[Exercise objective] The expected output is the full set of entries, retyped verbatim, pictures excluded.

[Task material]
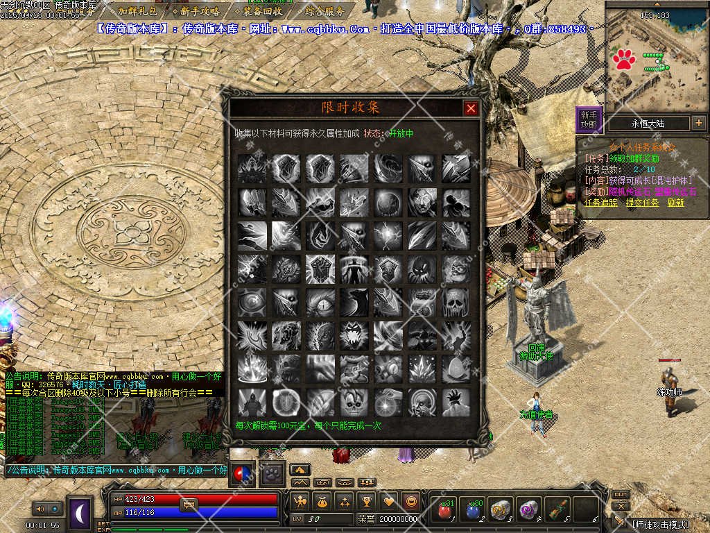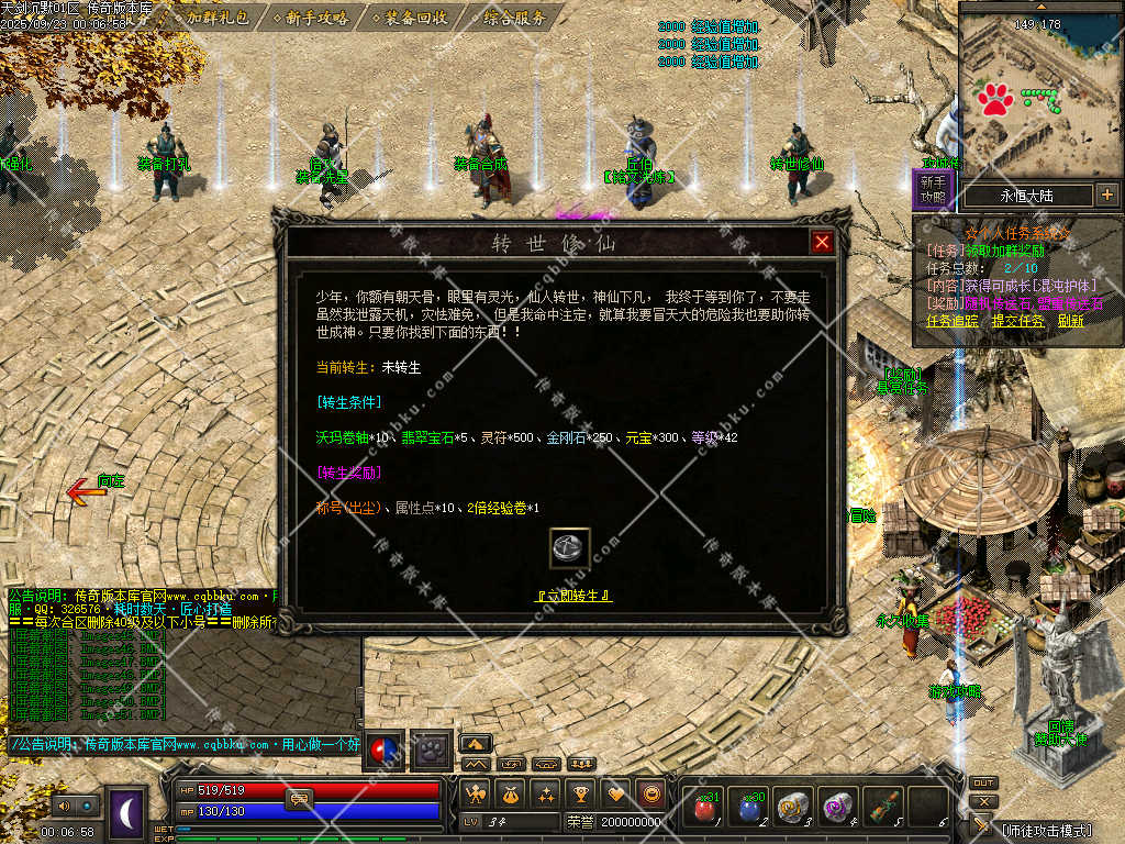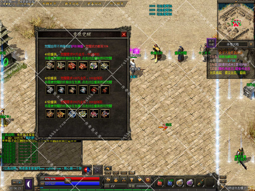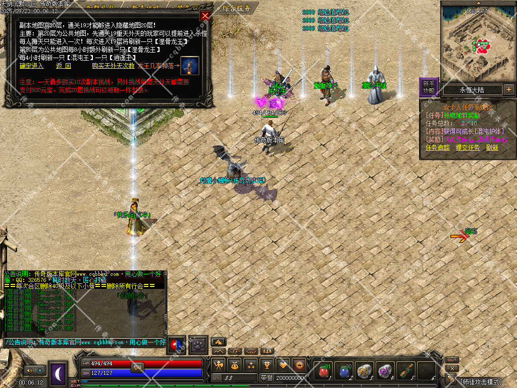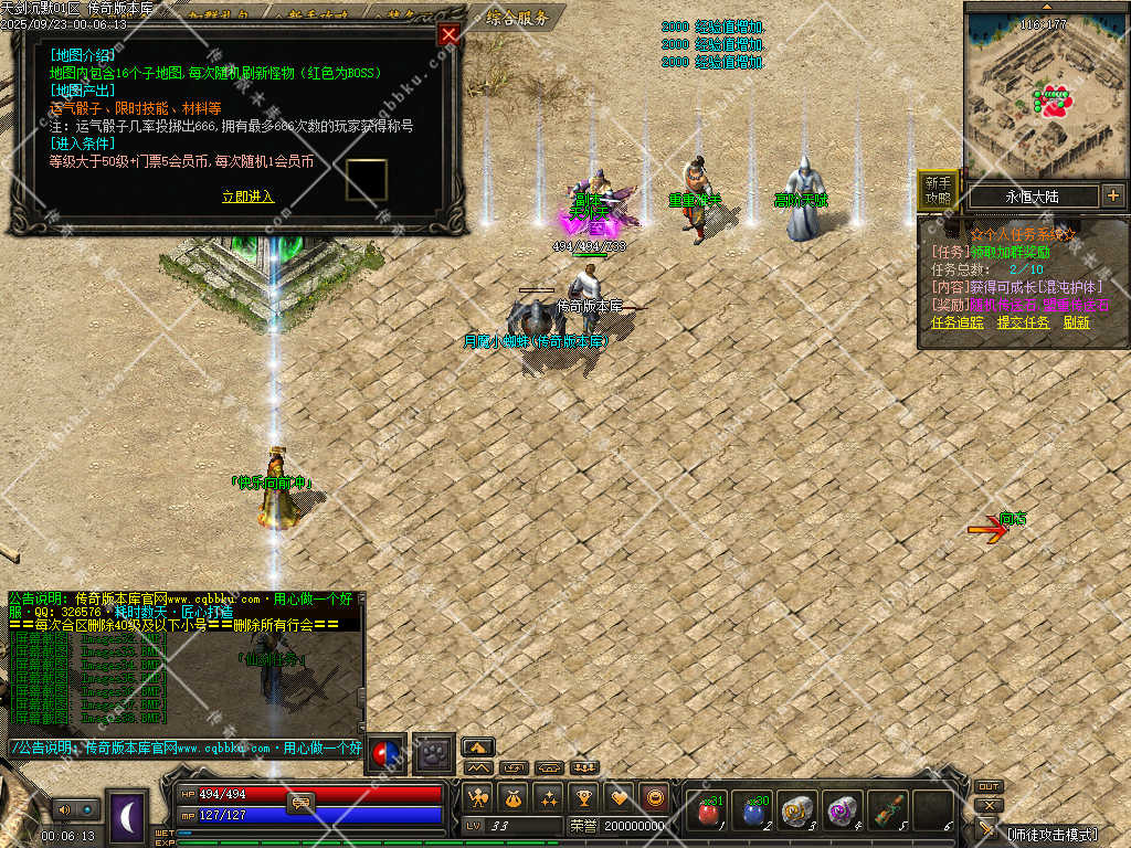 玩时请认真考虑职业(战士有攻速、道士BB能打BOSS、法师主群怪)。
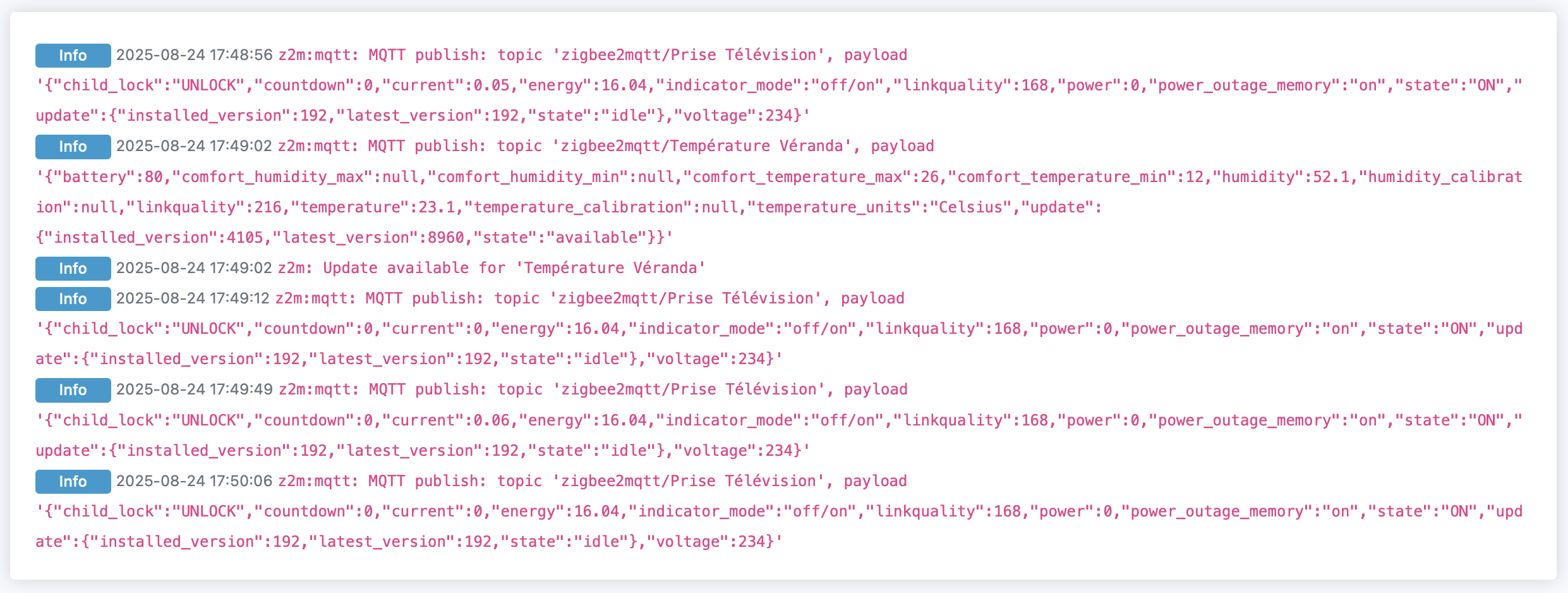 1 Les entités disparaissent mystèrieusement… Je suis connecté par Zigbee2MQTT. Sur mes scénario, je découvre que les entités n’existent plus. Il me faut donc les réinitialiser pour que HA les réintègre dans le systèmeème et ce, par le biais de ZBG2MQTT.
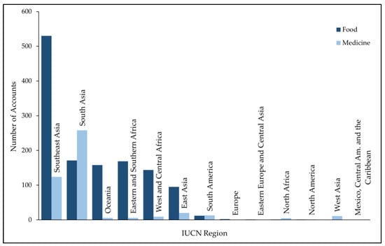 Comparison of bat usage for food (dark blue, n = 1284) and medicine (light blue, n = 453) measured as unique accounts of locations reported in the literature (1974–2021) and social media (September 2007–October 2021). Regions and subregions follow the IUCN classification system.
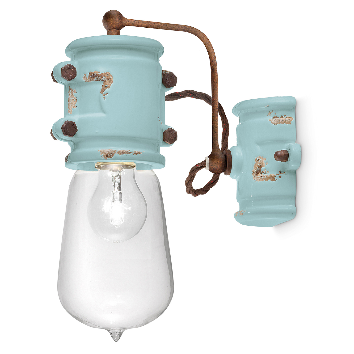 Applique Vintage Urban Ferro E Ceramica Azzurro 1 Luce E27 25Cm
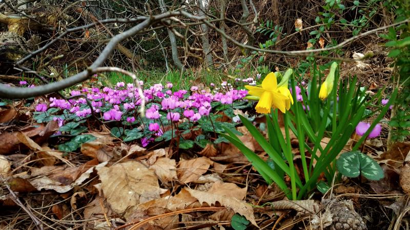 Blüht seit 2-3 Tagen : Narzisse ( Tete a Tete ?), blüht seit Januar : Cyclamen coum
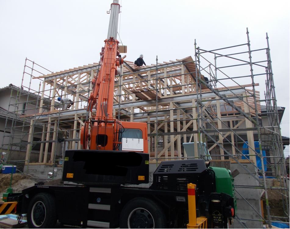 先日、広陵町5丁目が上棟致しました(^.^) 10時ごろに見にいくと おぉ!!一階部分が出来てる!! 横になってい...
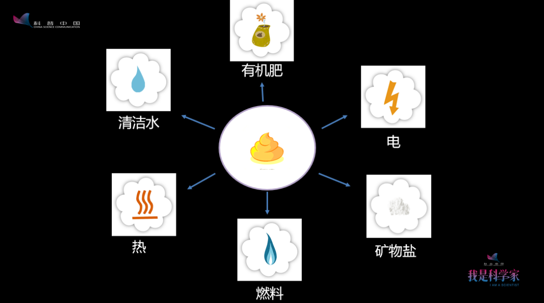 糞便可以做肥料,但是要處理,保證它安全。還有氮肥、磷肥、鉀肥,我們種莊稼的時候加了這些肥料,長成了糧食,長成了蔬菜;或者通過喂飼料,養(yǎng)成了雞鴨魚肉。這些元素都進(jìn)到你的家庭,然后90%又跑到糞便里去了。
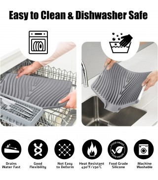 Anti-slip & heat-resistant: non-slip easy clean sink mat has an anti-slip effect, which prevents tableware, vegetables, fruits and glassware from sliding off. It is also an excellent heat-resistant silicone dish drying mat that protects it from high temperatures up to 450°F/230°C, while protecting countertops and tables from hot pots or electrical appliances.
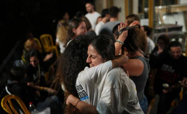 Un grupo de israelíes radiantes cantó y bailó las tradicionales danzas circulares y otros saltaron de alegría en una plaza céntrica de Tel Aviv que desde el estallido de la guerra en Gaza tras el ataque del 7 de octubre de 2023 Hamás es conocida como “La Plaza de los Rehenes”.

[Worked solution]
 玩时请认真考虑职业(战士有攻速、道士BB能打BOSS、法师主群怪)。
 1 Les entités disparaissent mystèrieusement… Je suis connecté par Zigbee2MQTT. Sur mes scénario, je découvre que les entités n’existent plus. Il me faut donc les réinitialiser pour que HA les réintègre dans le systèmeème et ce, par le biais de ZBG2MQTT.
 Comparison of bat usage for food (dark blue, n = 1284) and medicine (light blue, n = 453) measured as unique accounts of locations reported in the literature (1974–2021) and social media (September 2007–October 2021). Regions and subregions follow the IUCN classification system.
 Applique Vintage Urban Ferro E Ceramica Azzurro 1 Luce E27 25Cm
 Blüht seit 2-3 Tagen : Narzisse ( Tete a Tete ?), blüht seit Januar : Cyclamen coum
 先日、広陵町5丁目が上棟致しました(^.^) 10時ごろに見にいくと おぉ!!一階部分が出来てる!! 横になってい...
 糞便可以做肥料,但是要處理,保證它安全。還有氮肥、磷肥、鉀肥,我們種莊稼的時候加了這些肥料,長成了糧食,長成了蔬菜;或者通過喂飼料,養(yǎng)成了雞鴨魚肉。這些元素都進(jìn)到你的家庭,然后90%又跑到糞便里去了。
 Anti-slip & heat-resistant: non-slip easy clean sink mat has an anti-slip effect, which prevents tableware, vegetables, fruits and glassware from sliding off. It is also an excellent heat-resistant silicone dish drying mat that protects it from high temperatures up to 450°F/230°C, while protecting countertops and tables from hot pots or electrical appliances.
 Un grupo de israelíes radiantes cantó y bailó las tradicionales danzas circulares y otros saltaron de alegría en una plaza céntrica de Tel Aviv que desde el estallido de la guerra en Gaza tras el ataque del 7 de octubre de 2023 Hamás es conocida como “La Plaza de los Rehenes”.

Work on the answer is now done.